Of the 384 SNPs evaluated in this study, 371 (96.61 %) presented successful amplification with a call rate ranging from 0.6198 to 0.9917 and GenTrain ≥0.2620, as provided by Genome Studio (Ritchie et al. 2011); while 363 SNPs (94.53 %) were polymorphic and eight (2.08 %) were monomorphic considering the 95 common bean genotypes. Of the 13 SNPs excluded from analyses, three had amplification failure and 10 did not have well-defined clusters. An analysis of the genotypes grouped by gene pool showed 264 (68.75 %) polymorphic SNPs within the Andean group and 302 (78.64 %) in the Mesoamerican group. With the greatest allele frequency estimated at 0.728, the mean H E calculated was 0.384 ± 0.004, ranging from 0.093 (EMBRA_1.0_Pv01_49615062_A_G) to 0.506 (EMBRA_1.0_Pv01_6538061_A_G and EMBRA_1.0_Pv05_5947407_T_C). The average estimates of H E for the Brazilian germplasm (n = 81) was 0.372 and significantly different (p ≤ 0.05) from the overall value (n = 95; H E = 0.384). For the Andean gene pool (n = 21), the H E value was estimated at 0.161, while for the Mesoamerican gene pool (n = 74), it was 0.156. Considering only the cultivated/breeding lines (n = 47), the total H E was 0.316 for the Brazilian (Andean n = 7, H E = 0.139 and Meso n = 40, H E = 0.135) and significantly lower (p ≤ 0.05) than the abroad accessions (n = 12; H E = 0.438). Considering only the Brazilian landraces (n = 34), the total H E was 0.428 (Andean n = 11, H E = 0.195 and Meso n = 23, H E = 0.130). With regard to the H O and F IS indices, the values were estimated at 0.009 ± 0.001 and 0.976 ± 0.003, respectively, for the entire set of samples (Table 1).

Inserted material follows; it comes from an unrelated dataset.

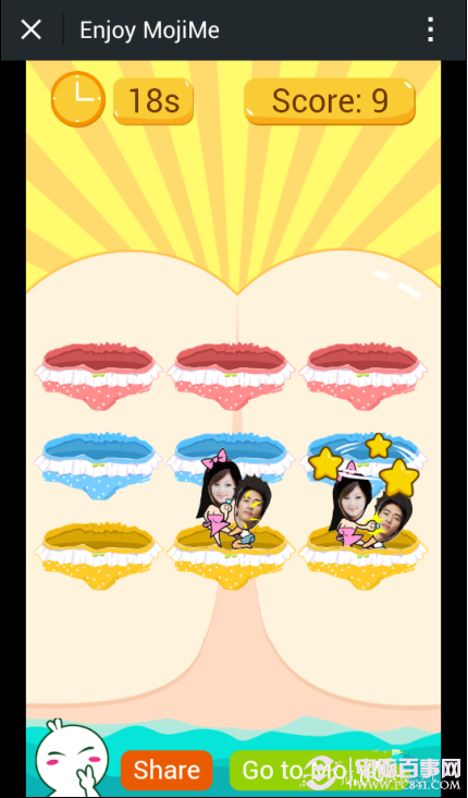 7、此时会看到MojiMe 游戏界面上一共有九个洞洞、自己制作的头像表情会随机从某一个洞洞跳出来。如下图所示:
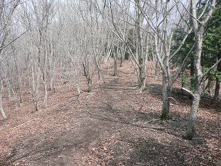 2つのピークを巻いて なだらかに登って行く登山道では、左の雑木林の奥に 浅間山から

Table 1 Descriptive statistics of the 363 SNPs characterized in 95 genotypes of the common bean

Considering the germplasm grouped by origin, of the 363 polymorphic SNPs, a set of 156 differentiated the Andean (57 private alleles) from the Mesoamerican group (99 private alleles) based on the allelic pattern. The power of exclusion estimated was high, reaching 100 % (a set of 131 SNPs differentiate all genotypes). For the 363 SNPs, the combined PI was estimated at 1.6 × 10−123 (Table 1), with individual values ranging from 0.375 to 0.829. The genetic differentiation (F ST) between the Andean and Mesoamerican population was estimated as 0.656 (p < 0.01). A comparative analysis of descriptive statistics performed between the SNPs previously published by Müller et al. (2015) and the data presented in this work for the same set of 88 accessions of common bean (Table 2).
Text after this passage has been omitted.